YOUR ASSIGNMENT » Although the entries contain pictures, only their text goes into the copy, set down exactly.

BEGIN RECORDS TO PROCESS

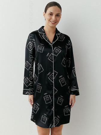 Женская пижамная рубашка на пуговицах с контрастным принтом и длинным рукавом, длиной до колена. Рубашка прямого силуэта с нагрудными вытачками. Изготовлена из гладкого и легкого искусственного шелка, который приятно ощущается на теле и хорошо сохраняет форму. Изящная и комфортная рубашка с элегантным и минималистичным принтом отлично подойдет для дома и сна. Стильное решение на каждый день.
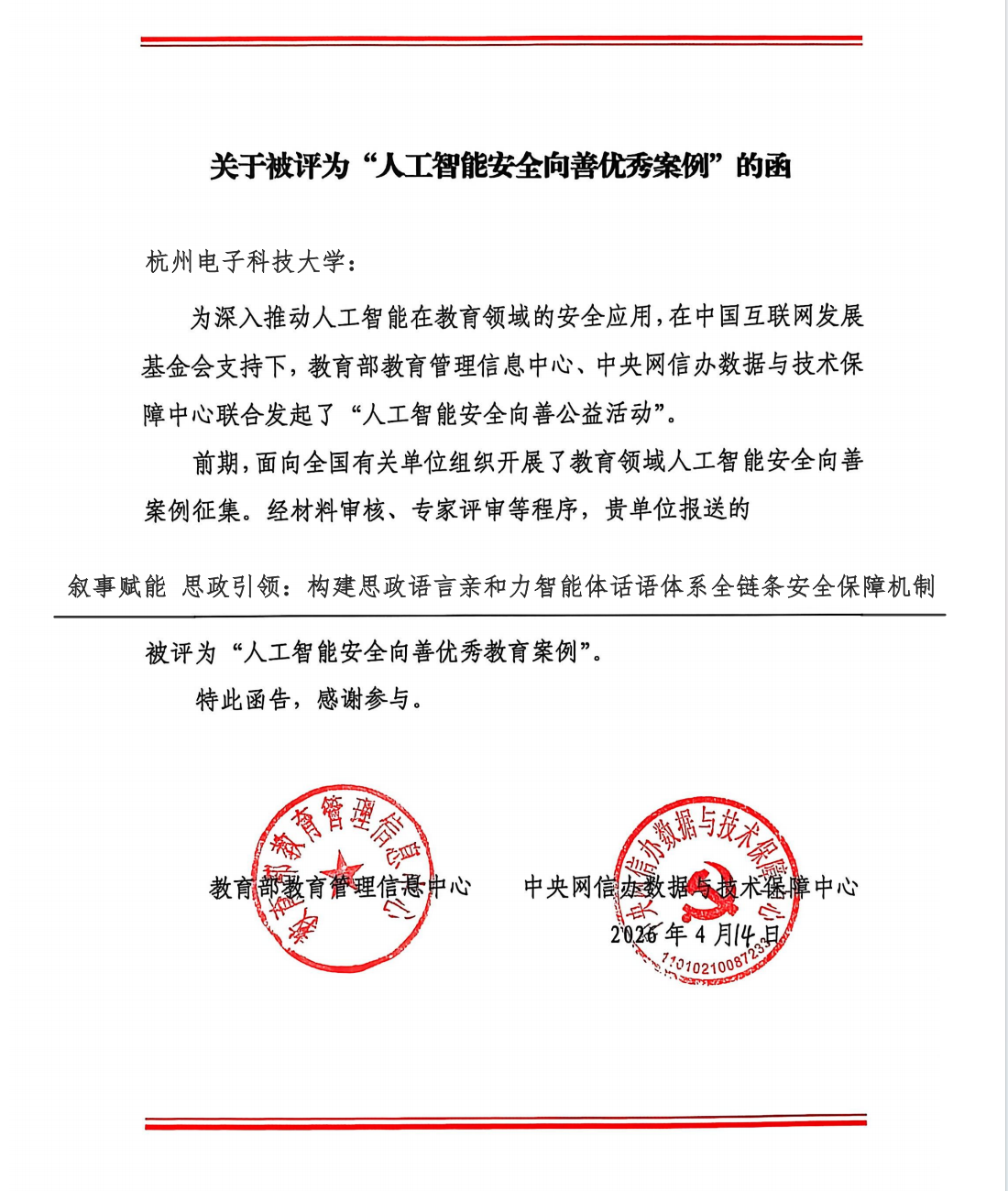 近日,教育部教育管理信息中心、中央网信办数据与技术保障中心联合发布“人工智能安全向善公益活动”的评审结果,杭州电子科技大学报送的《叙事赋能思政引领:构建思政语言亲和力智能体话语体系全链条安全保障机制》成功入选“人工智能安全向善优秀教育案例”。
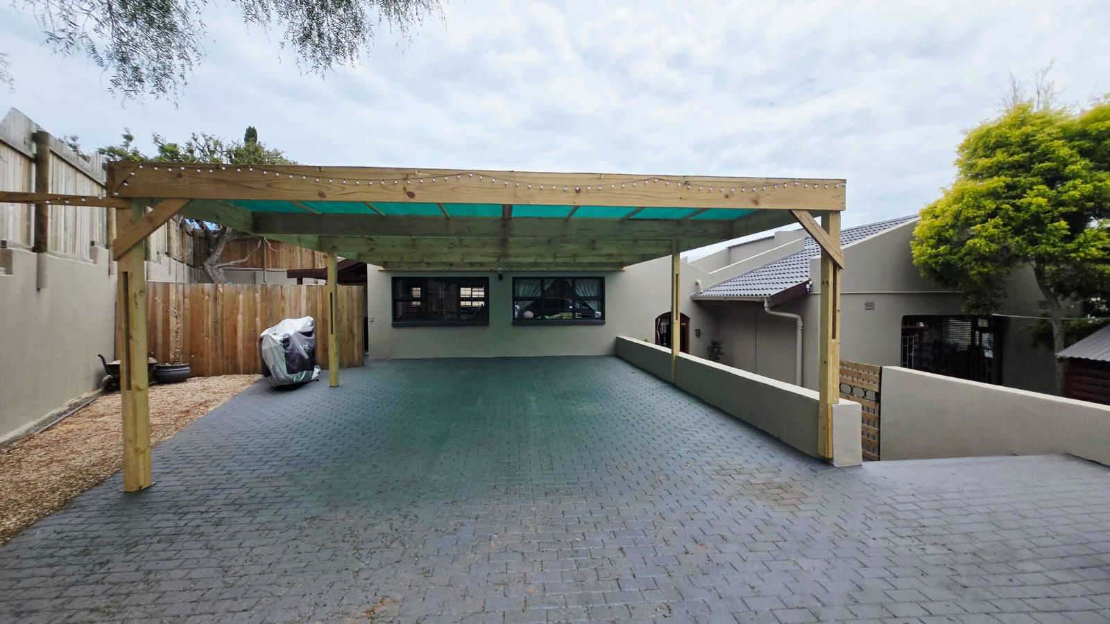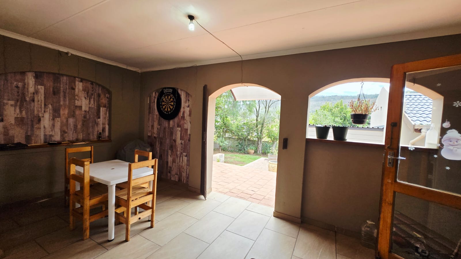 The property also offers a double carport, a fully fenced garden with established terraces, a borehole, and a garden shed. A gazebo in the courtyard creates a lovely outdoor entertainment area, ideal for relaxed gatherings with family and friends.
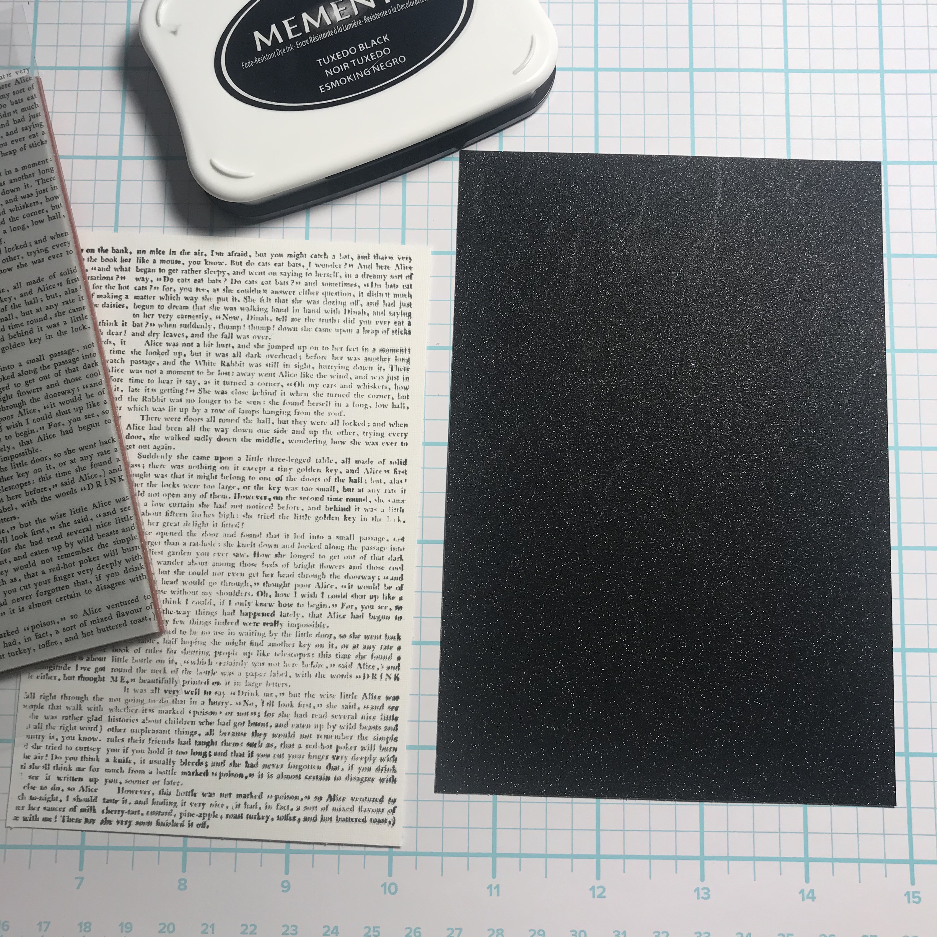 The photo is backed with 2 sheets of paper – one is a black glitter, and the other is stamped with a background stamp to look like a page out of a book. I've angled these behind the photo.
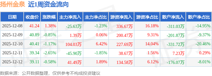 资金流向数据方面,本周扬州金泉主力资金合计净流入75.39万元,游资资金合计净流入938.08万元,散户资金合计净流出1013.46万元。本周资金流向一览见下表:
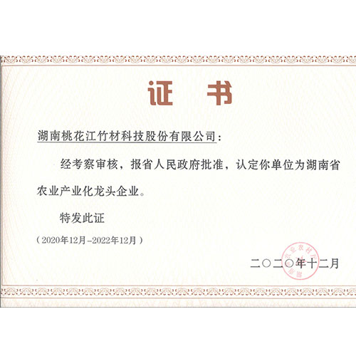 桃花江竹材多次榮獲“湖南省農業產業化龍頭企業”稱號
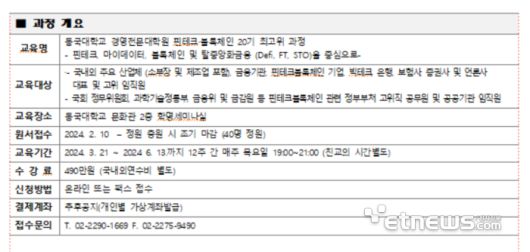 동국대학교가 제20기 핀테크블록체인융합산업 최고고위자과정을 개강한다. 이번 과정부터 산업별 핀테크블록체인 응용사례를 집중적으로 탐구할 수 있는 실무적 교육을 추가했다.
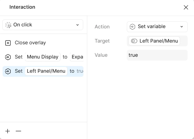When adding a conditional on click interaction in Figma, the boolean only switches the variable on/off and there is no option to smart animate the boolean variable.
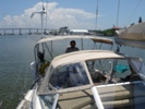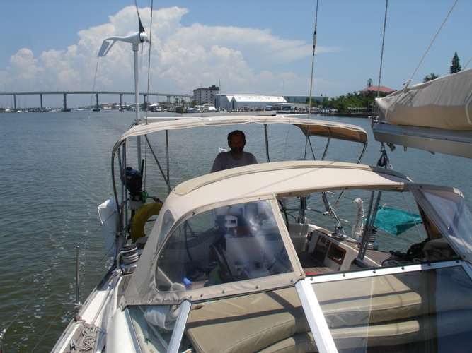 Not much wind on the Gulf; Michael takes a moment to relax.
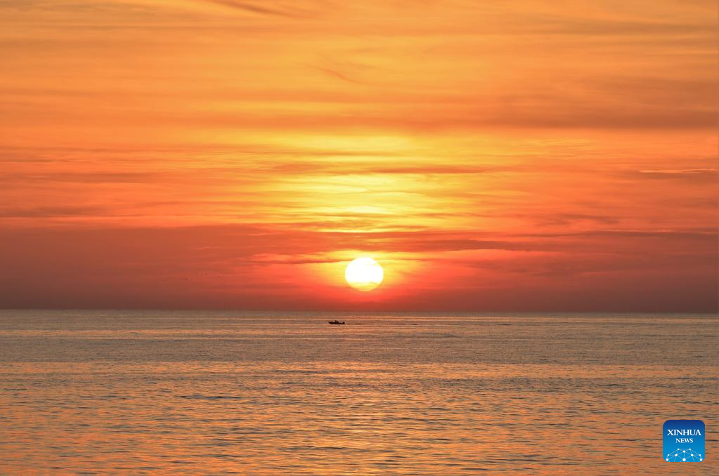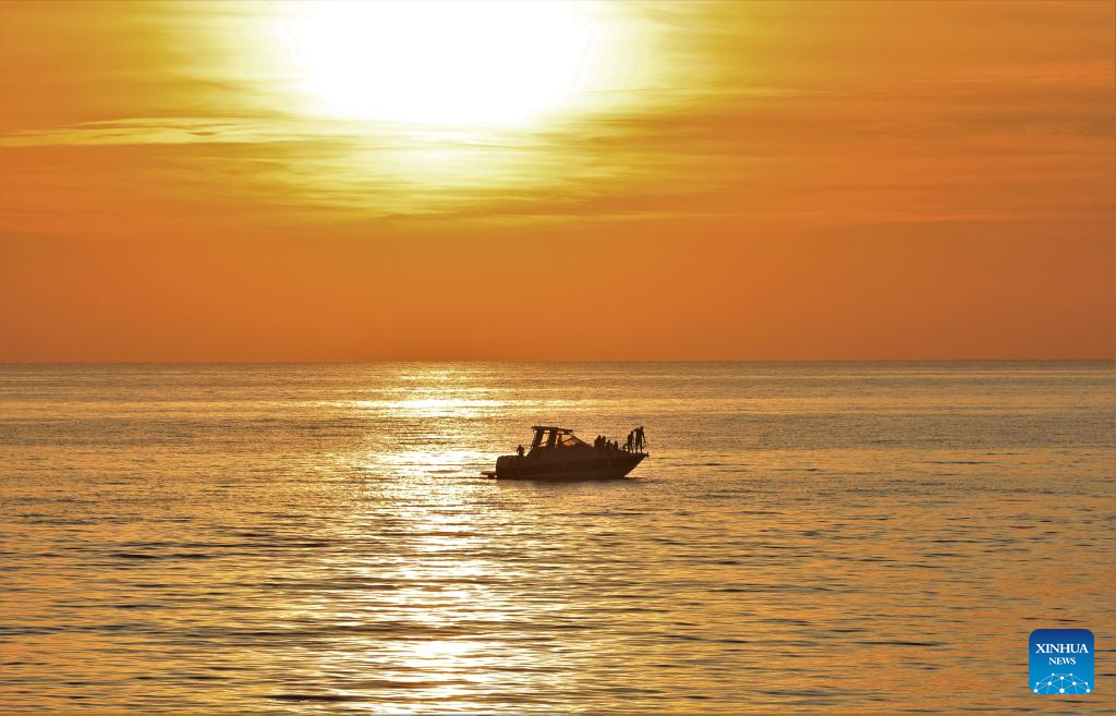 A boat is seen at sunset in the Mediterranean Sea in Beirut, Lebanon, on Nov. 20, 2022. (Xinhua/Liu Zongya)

END RECORDS TO PROCESS

EXERCISE RESULT »
 Женская пижамная рубашка на пуговицах с контрастным принтом и длинным рукавом, длиной до колена. Рубашка прямого силуэта с нагрудными вытачками. Изготовлена из гладкого и легкого искусственного шелка, который приятно ощущается на теле и хорошо сохраняет форму. Изящная и комфортная рубашка с элегантным и минималистичным принтом отлично подойдет для дома и сна. Стильное решение на каждый день.
 近日,教育部教育管理信息中心、中央网信办数据与技术保障中心联合发布“人工智能安全向善公益活动”的评审结果,杭州电子科技大学报送的《叙事赋能思政引领:构建思政语言亲和力智能体话语体系全链条安全保障机制》成功入选“人工智能安全向善优秀教育案例”。
 The property also offers a double carport, a fully fenced garden with established terraces, a borehole, and a garden shed. A gazebo in the courtyard creates a lovely outdoor entertainment area, ideal for relaxed gatherings with family and friends.
 The photo is backed with 2 sheets of paper – one is a black glitter, and the other is stamped with a background stamp to look like a page out of a book. I've angled these behind the photo.
 资金流向数据方面,本周扬州金泉主力资金合计净流入75.39万元,游资资金合计净流入938.08万元,散户资金合计净流出1013.46万元。本周资金流向一览见下表:
 桃花江竹材多次榮獲“湖南省農業產業化龍頭企業”稱號
 동국대학교가 제20기 핀테크블록체인융합산업 최고고위자과정을 개강한다. 이번 과정부터 산업별 핀테크블록체인 응용사례를 집중적으로 탐구할 수 있는 실무적 교육을 추가했다.
When adding a conditional on click interaction in Figma, the boolean only switches the variable on/off and there is no option to smart animate the boolean variable.
 Not much wind on the Gulf; Michael takes a moment to relax.
 A boat is seen at sunset in the Mediterranean Sea in Beirut, Lebanon, on Nov. 20, 2022. (Xinhua/Liu Zongya)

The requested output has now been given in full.